Figure 5 (See previous page).

Anti-HER2 CD4⁺ Th1 immunity is differentially restored following HER2-pulsed DC immunization, but not after HER2-targeted therapies. (A) Compared with treatment-naive Stage I/II HER2^pos-IBC patients (no tx), anti-HER2 Th1 responses were not globally augmented following T/C treatment in stage I-III HER2^pos-IBC patients (T/C-treated), illustrated by anti-HER2 responsivity, repertoire, or cumulative response. Relative proportion of IFNγ:IL-10 reactive cells (% depicted in histogram) following HER2-specific and tetanus (positive control) stimuli did not improve in T/C-treated (n = 5) compared with no tx (n = 5) patients; (B) Significant improvements in all anti-HER2 Th1 immune metrics were observed in 11 Stage I HER2^pos-IBC (PRE vax) patients immediately following HER2 pulsed-DC1 immunization (POST vax).
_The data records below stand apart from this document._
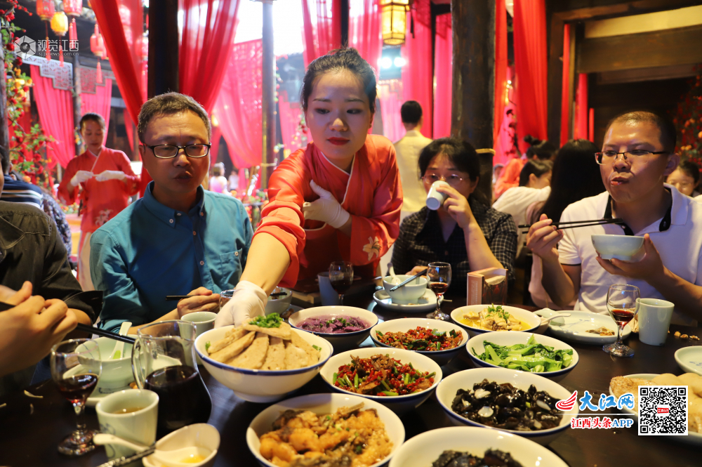 2019年江西省旅游产业发展大会召开在即,5月18日,在大会承办地——宜春市万载古城景区,数百人欢聚一堂,体验万载特色祠堂喜宴。
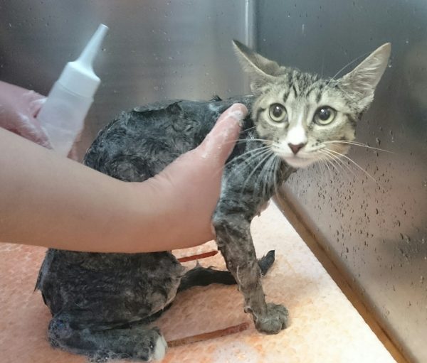 (子犬も子猫も状態が悪くなければ、まず、必ずシャンプーをして、ドライング中などに皮膚の状態など、私たちが見える、触って分かることをまず確認します(^_^))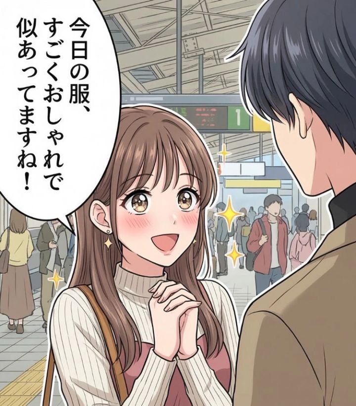 合流してすぐ、私は「今日の服、すごくおしゃれで似あってますね!」と笑顔で伝えました。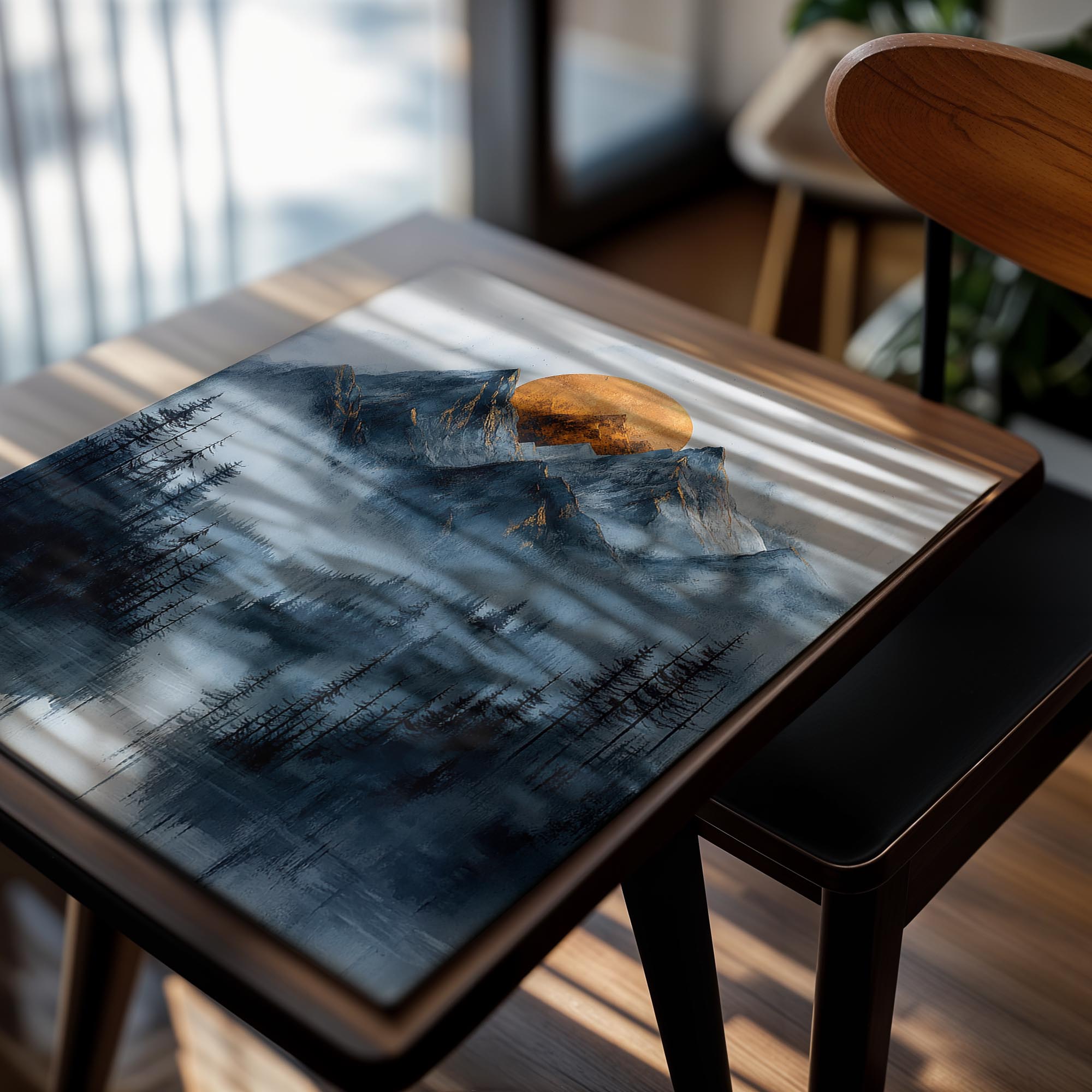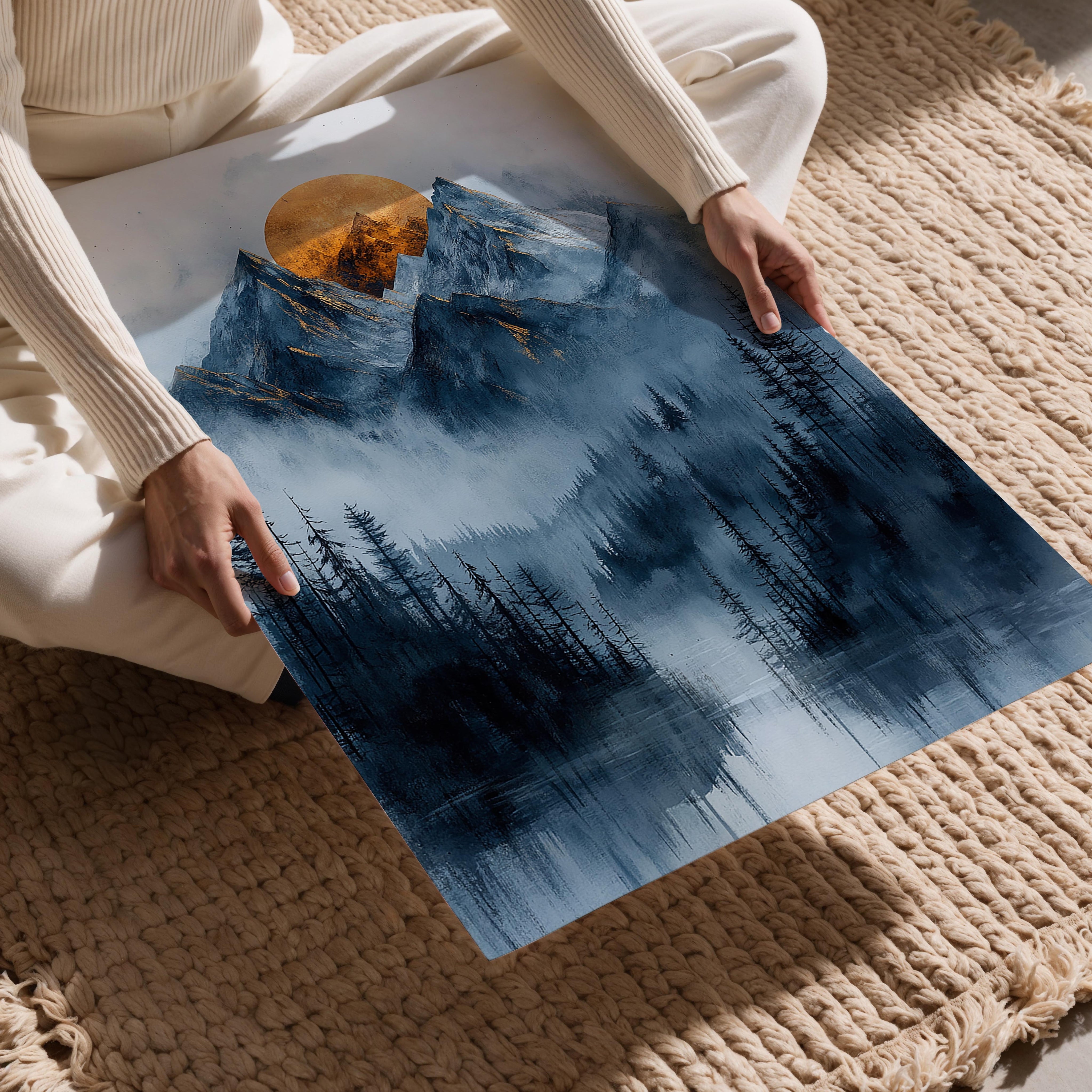 An ethereal composition of towering peaks illuminated by a soft golden sun. The blending of warm golden tones and misty blues creates an atmosphere of mystery and inspiration. Ideal for modern or rustic decor styles, this piece offers a sense of adventure and serenity, making it a stunning addition to living rooms or creative spaces.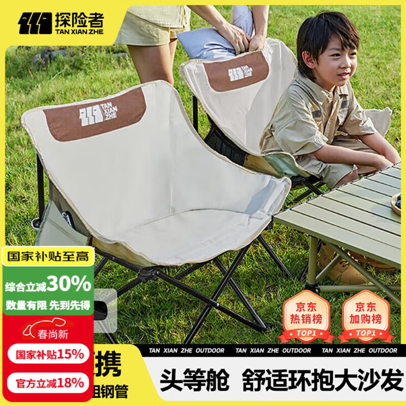 探险者(TAN XIAN ZHE)户外折叠椅露营椅子月亮椅便携折叠桌椅高靠背躺椅小凳子钓鱼椅 以下为加厚面料豪华软包款

While relative proportion of IFNγ to IL:10 reactive cells (% depicted in histogram) did not change appreciably following tetanus stimulation, HER2-pulsed vaccination significantly increased the relative proportion of IFNγ to IL:10 reactive cells in POST vax (n = 5) compared with PRE vax (n = 5) patients; (C) The differential Th1 restoration following HER2-pulsed DC immunization, but not T/C treatment, persisted on stage-matched comparisons in stage I HER2^pos-IBC patients. Results are expressed as proportion or mean ± SEM; (**p < 0.01, ***p < 0.001). (D and E) Beyond the immediate post-vaccination period, anti-HER2 CD4⁺ Th1 immunity remained durably augmented in 9 of 11 evaluable patients ≥6 mo following vaccination, despite initiation/completion of systemic chemotherapy in all patients by this time-point (broken arrows). Scatter plots demonstrate CD4⁺ Th1 reactivity profiles by response repertoire (D) and cumulative response (E) for individual vaccinated subjects.

Figure 6.

Depressed anti-HER2 Th1 responses following T/C treatment correlate with adverse clinical and pathologic outcomes. (A–D) Subgroup analysis of T/C-treated HER2^pos-IBC patients demonstrated no appreciable differences in anti-HER2 responsivity, repertoire, or cumulative response when stratified by (A) sequencing of chemotherapy (neoadjuvant vs. adjuvant); (B) time from completion of trastuzumab to enrollment in study (<6 vs. ≥6 mo); (C) estrogen-receptor status (ER^pos vs. ER^neg) and (D) pathologic stage (I vs. II vs. III). (E) Compared with HER2^pos-IBC patients who did not incur breast events (no BE) following completion of T/C, patients incurring BEs (+BE) had significantly depressed anti-HER2 responsivity and cumulative Th1 responses (D left). In HER2^pos-IBC patients achieving pathologic complete response (pCR) following neoadjuvant T/C, anti-HER2 Th1 response repertoire and cumulative response was significantly greater compared to non-pCR patients (D right).